Вдруг Жуков вырвал цигарку изо рта, хотел ее отшвырнуть, но словно кто-то сдавил его руку и приказал не спешить, оставаться на месте, даже внешним видом не показать, что нашел искомое, нашел то, что привело его на грузовой двор. Возле ближнего телеграфного столба стоял старик (может, просто обросший) в драповом сером пальто. На первый взгляд, в нем ничего примечательного не было. Василий даже не сразу сообразил, почему обратил на него внимание. Стоит себе и стоит. Никого не выискивает, тревожно не озирается. Но не уходит. Значит, ждет. Кого? А может, чего? Очередной состав?

«И мы подождем, — сказал себе Василий. — Благо вон дымит какой-то за водокачкой». Он в который раз стал изучать человека у столба. Не поверхностно, как вначале, а по деталям. Шапка, лицо, воротник, пальто, пуговицы, сапоги. Теперь снизу вверх: сапоги, пальто, пуговицы… «Стой! — приказал себе чекист. — Почему у такого аккуратного мужика среди обыкновенных одна пуговица медная?» Так вот что бросилось в глаза Жукову, когда он первый раз проходил мимо человека. Подойти, проверить документы, а то, не ровен час, ускользнет с эшелоном. «Если уедет, — урезонил свой пыл Василий, — значит, не тот, кто тебе нужен».

Подошел поезд. Несколько человек, пробиваясь сквозь живую стену осадивших состав, выскочили из вагонов. Ни один из них не подошел к мужчине. Тот без особого любопытства смотрел на толчею, слушал брань, плач, крики барахтающихся возле теплушек. Бесстрастный колокол отбивал отправление. Скоро паровоз утащил состав, а баулы, мешки, сумки откачнулись вновь в глубину перрона, в незакрывающиеся двери вокзала.

Человек у телеграфного столба продолжал кого-то ждать. Теперь у Жукова не было на этот счет никакого сомнения. «Придется набраться и нам терпения, — решил чекист, но тут же в его душу вкралась тревога: — А если кто-то из наших спугнул связного, а если он стоит где-то рядом и тоже выжидает?» В это время старик незаметным движением рукава протер медную пуговицу. Этот жест натолкнул Жукова на единственно верное, как показалось ему, решение. Пуговица — пароль. Василий подошел к часовому, показал бойцу удостоверение и сказал:

— Выручай, брат. Пожертвуй для революции пуговицу.

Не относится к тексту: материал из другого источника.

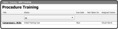 From the SOP Training/Touchscreen Interface Grid you can view an SOP Training's Title, Status (can be used to filter the Grid), Due Date, Test Taken On, and Assigned Trainer. You can also begin Training by selecting the SOP Training Title.
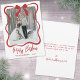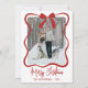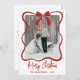 Send holiday cheer with this vertical Christmas card featuring a single centered photo framed by a simple swirling ribbon-style border. A hand-drawn coquette bow sits right at the top, with the ribbon and outline details all in red for a clean, festive look. Below the framed photo, “Merry Christmas” appears in red handwritten script, with space underneath to center your family name or individual names.
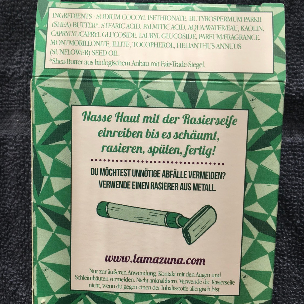 Bezüglich ihrer Verpackung nachhaltig ist auch die Rasierseife vom deutschen Hersteller Lamazuna. Die vegane Seife lässt sich für das Scheren des Männerbart oder der Frauenbeine ganz einfach mit etwas Wasser aufschäumen. Was mir dabei weniger zusagt, ist, dass auch für diese Rezeptur Palmöl verwendet wird. Wobei bedacht werden muss, dass herkömmlicher Rasierschaum auch Palmöl auskommt.
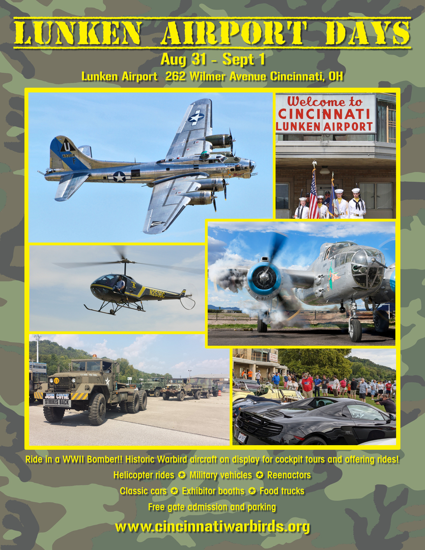 Cincinnati Warbird's annual Lunken Airport Days Open House over Labor Day weekend featuring RIDES and TOURS in historic WWII military aircraft. This year the rare B-17 "Sentimental Journey" and B-25 "Maid in the Shade" make their debut appearance here in Cincinnati. Other historic aircraft will also be on display plus helicopter rides, classic cars, military vehicles, exhibits, vendors, food trucks, and a patriotic flag ceremony at 12N both Saturday and Sunday. A great family event with FREE admission and parking.
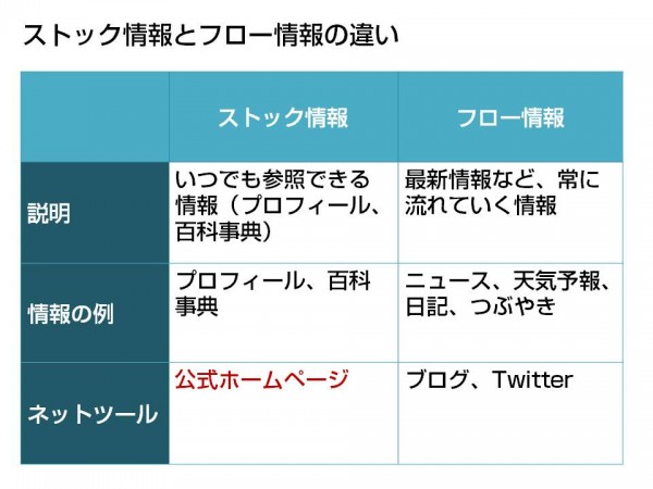 インターネットでいえば、ストック情報を重視したものが公式ホームページ、フロー情報を重視したものがブログやTwitterになります。
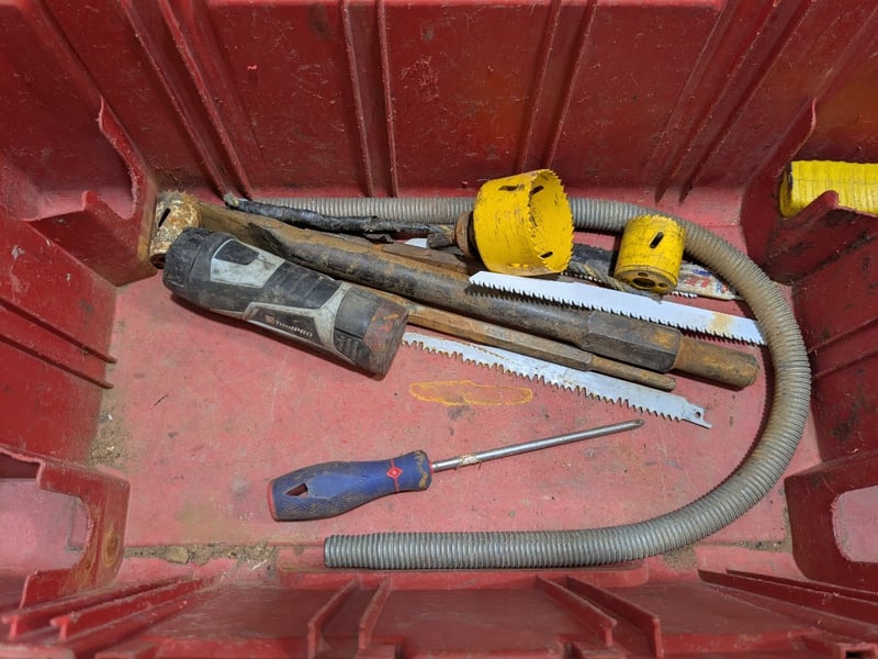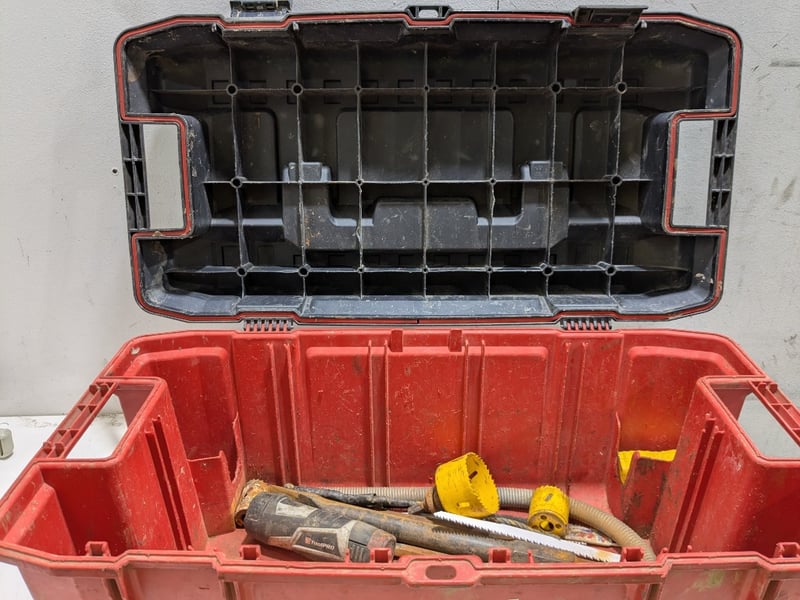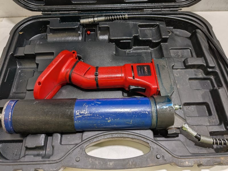Assorted items including portable air-powered grease gun and a cordless rivet tool and more...
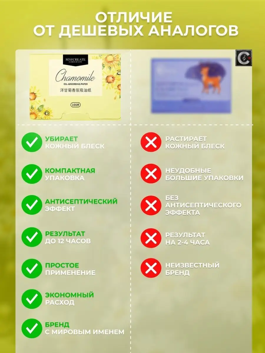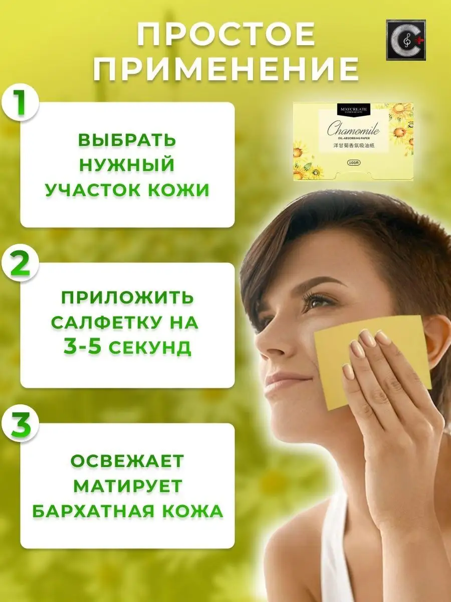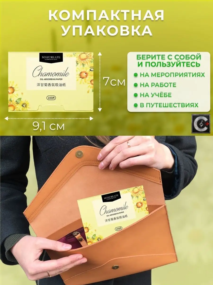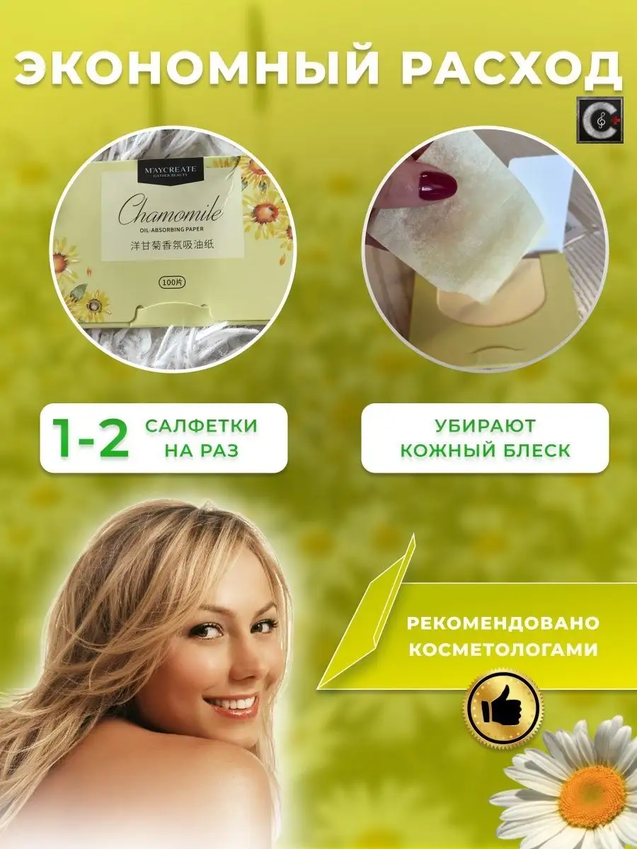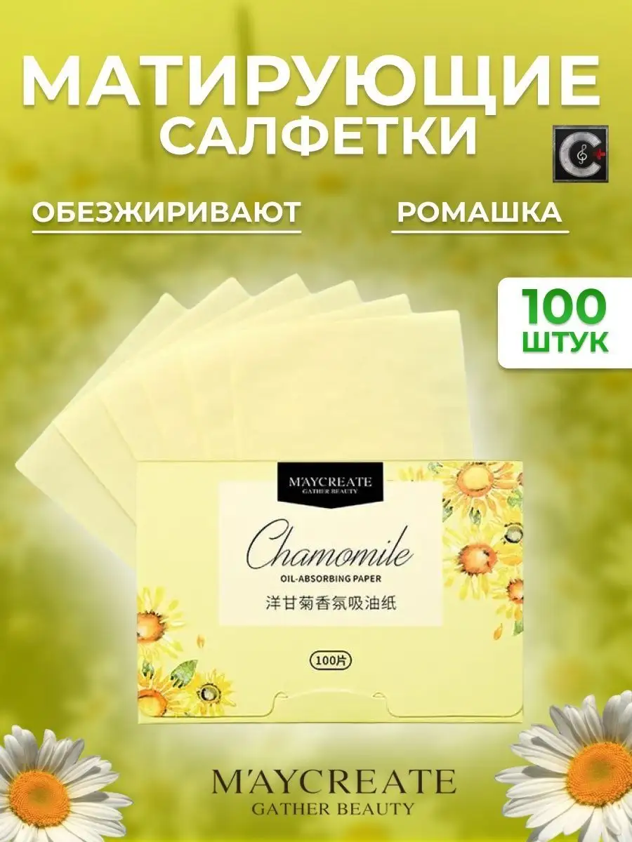 Комплектация матирующие салфетки для лица с ромашкой - 100 шт упаковки
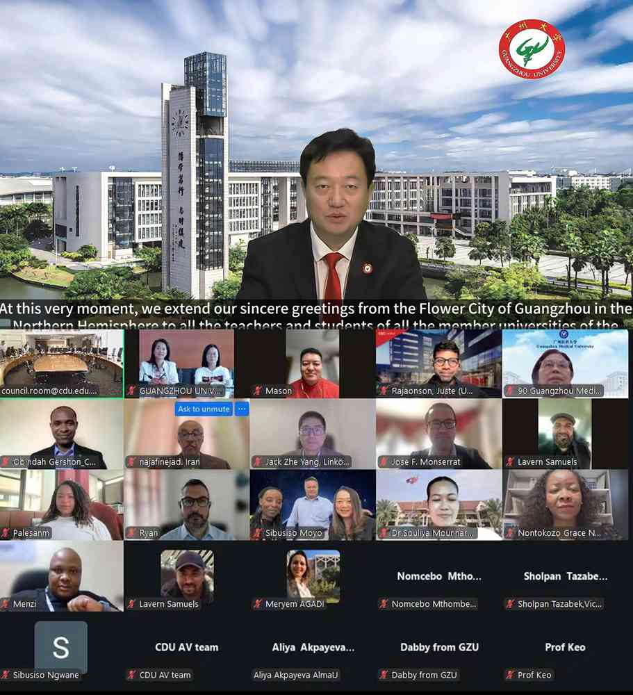 广州大学党委书记、联盟主席欧阳谦博士通过视频方式致辞并作联盟工作报告。欧阳谦指出,经过七年的发展,联盟已成为联结广州110个世界友好城市的重要抓手和交流平台,“朋友圈”不断扩大。志合行远,联盟发展所取得的成绩都离不开各成员大学的参与和支持,希望联盟成员大学坚守互学互鉴互惠、共创共享共赢的初心,秉持将联盟打造成为友城大学携手促进城市可持续发展国际范例的使命,以城为媒、依城而兴,朝着构建友城大学命运共同体的目标,加速联盟合作发展新进程,共创属于联盟各成员大学更加美好的未来。
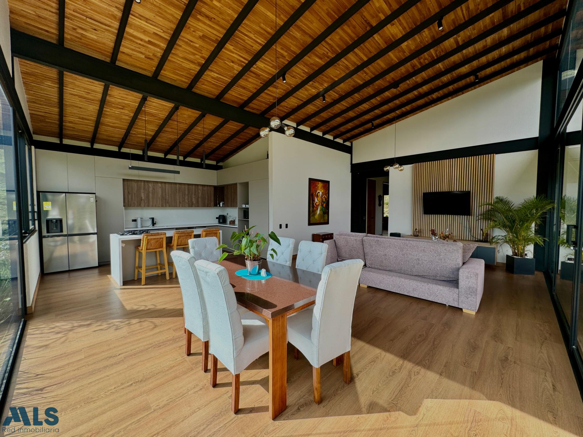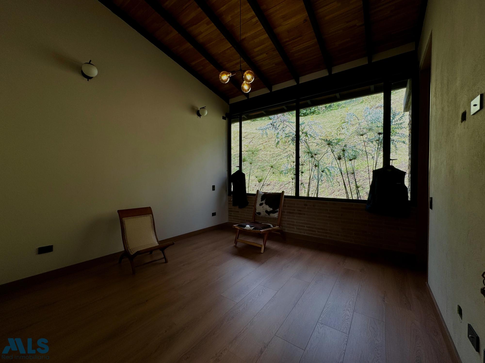 Esta hermosa propiedad campestre se encuentra ubicada en la exclusiva zona de El Retiro, Antioquia. Con una impresionante área de terreno de 2626 m y una cómoda área privada de 288 m, este inmueble ofrece la combinación perfecta de tranquilidad y amplitud. Cuenta con 3 habitaciones amplias cada una con baño y walking closet, este hogar es ideal para familias que buscan un espacio amplio y acogedor para disfrutar de la naturaleza. Al ingresar a la propiedad, podrás encontrar numerosas comodidades que la hacen aún más atractiva. Desde armarios empotrados hasta un espacioso deck con vista panorámica, cada detalle ha sido cuidadosamente diseñado para brindarte una experiencia de vida placentera. La cocina tipo americano con barra estilo americano, los clósets y los pisos laminados y de madera, son solo algunas de las caracterÃsticas que hacen de este inmueble un lugar moderno y elegante. También cuenta con un hall de alcobas, ideal para disfrutar de momentos de lectura o trabajo tranquilos y una zona de lavanderÃa totalmente equipada para tu comodidad. Pero no solo en su interior encontrarás comodidades. El acceso pavimentado, los árboles frutales y la vegetación nativa que rodea la propiedad, brindan una sensación rural sin tener que alejarte de la ciudad. Además, la propiedad está ubicada cerca de centros comerciales, colegios y universidades, ofreciendo comodidad y accesibilidad. También cuenta con porterÃa y vigilancia para asegurar tu seguridad y tranquilidad.
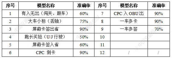 (四)稽核模型建立與準(zhǔn)確率驗(yàn)證本文所述AI稽核系統(tǒng)根據(jù)不同逃費(fèi)類型建立對(duì)應(yīng)模型,目前已實(shí)現(xiàn)大車小標(biāo)、有入無出、屏蔽卡簽入省、屏蔽卡簽出省、跑長買短、CPC倒卡、CPC入OBU出、一車多卡、一車多簽等近10種偷逃費(fèi)行為稽核。以大車小標(biāo)偷逃費(fèi)行為進(jìn)行舉例說明。改變車型(車種):大車小標(biāo)是指發(fā)行車型跟實(shí)際車型不符。通過非法手段辦理或套取使用與實(shí)際車型不符的車輛標(biāo)簽,達(dá)到偷逃費(fèi)的目的?;藬?shù)據(jù)驗(yàn)證方式如下:(1)通過交易數(shù)據(jù)中的車牌、車牌顏色和車型與發(fā)行數(shù)據(jù)對(duì)比,確定大車小標(biāo);(2)利用入口稱重?cái)?shù)據(jù),在收費(fèi)數(shù)據(jù)中的入口交易數(shù)據(jù)搜索軸數(shù)與車型不符的車輛;(3)搜索收費(fèi)數(shù)據(jù)中的入口交易數(shù)據(jù),車型為一型貨車,且車牌顏色為黃色的車輛;(4)篩選車輛通過ETC專道和人工車道的收費(fèi)車型存在不一致的情況,通過車牌號(hào)篩選某個(gè)車牌多次出現(xiàn)兩個(gè)及以上的車型的車輛;(5)對(duì)篩選出的車輛,根據(jù)大數(shù)據(jù)平臺(tái)圖片、交易數(shù)據(jù),對(duì)特征點(diǎn)進(jìn)行對(duì)比分析,形成初步結(jié)論。通過對(duì)稽核模型分析數(shù)據(jù)與稽核人員核實(shí)數(shù)據(jù)對(duì)比分析,進(jìn)行稽核模型分析篩查準(zhǔn)確率驗(yàn)證,稽核模型準(zhǔn)確率如表2所示。屏蔽卡簽、倒卡通行介質(zhì)等稽核模型準(zhǔn)確率較高,達(dá)90%,有入無出(闖關(guān)、跟車)、跑長買短(U/J行駛)因系統(tǒng)及計(jì)費(fèi)規(guī)則、現(xiàn)場管理和證據(jù)獲取等多重因素影響,準(zhǔn)確率為50%~60%左右,但能夠滿足稽核業(yè)務(wù)需求?;四P蜏?zhǔn)確率如表2所示。

Тот недоверчиво усмехнулся, потрогал на шинели пуговицы и снова усмехнулся. Но видя, что чекист отрывает от своего пальто черную костяную, посерьезнел, понял — тот не шутит.

Когда медная заняла свое место на его пальто, Василий попросил часового:

— Видишь вон того типа возле столба. Следи, чтоб он не потерялся, пока я обегу вокзал.

Выйдя из вокзала, Жуков знаком пригласил одного из бойцов отряда следовать за ним. Миновав толпу пассажиров, направился к столбу. И, лишь когда человек увидел на пальто Василия медную пуговицу, его обросшее щетиной лицо просветлело. Показалось, что он даже нетерпеливо дернулся навстречу. Но ведь, кроме пуговицы, может быть и какое-то словесное приложение, подумал Василий, но, решив проверить свою версию до конца, приблизился к человеку и, не глядя на него, бросил:

— Идите за мной через десять шагов.

Хотелось повернуться, удостовериться, но интуиция подсказывала: не оглядывайся. Если он не двинется, за ним наблюдают двое — часовой и боец.

Миновав калитку и завернув за угол конторы, Василий прижался к холодным кирпичам стены. Казалось, гул встревоженного сердца заглушает остальные звуки. Не терпелось выглянуть. Но тут явственно различил осторожные шаги сапог с подковками.

Человек вывернулся из-за угла, и они чуть не столкнулись. Одновременно смущенно улыбнулись друг другу. Василий успел заметить, что человек не такой старый, как первоначально показался. Ни один седой волос не пробивался на голове.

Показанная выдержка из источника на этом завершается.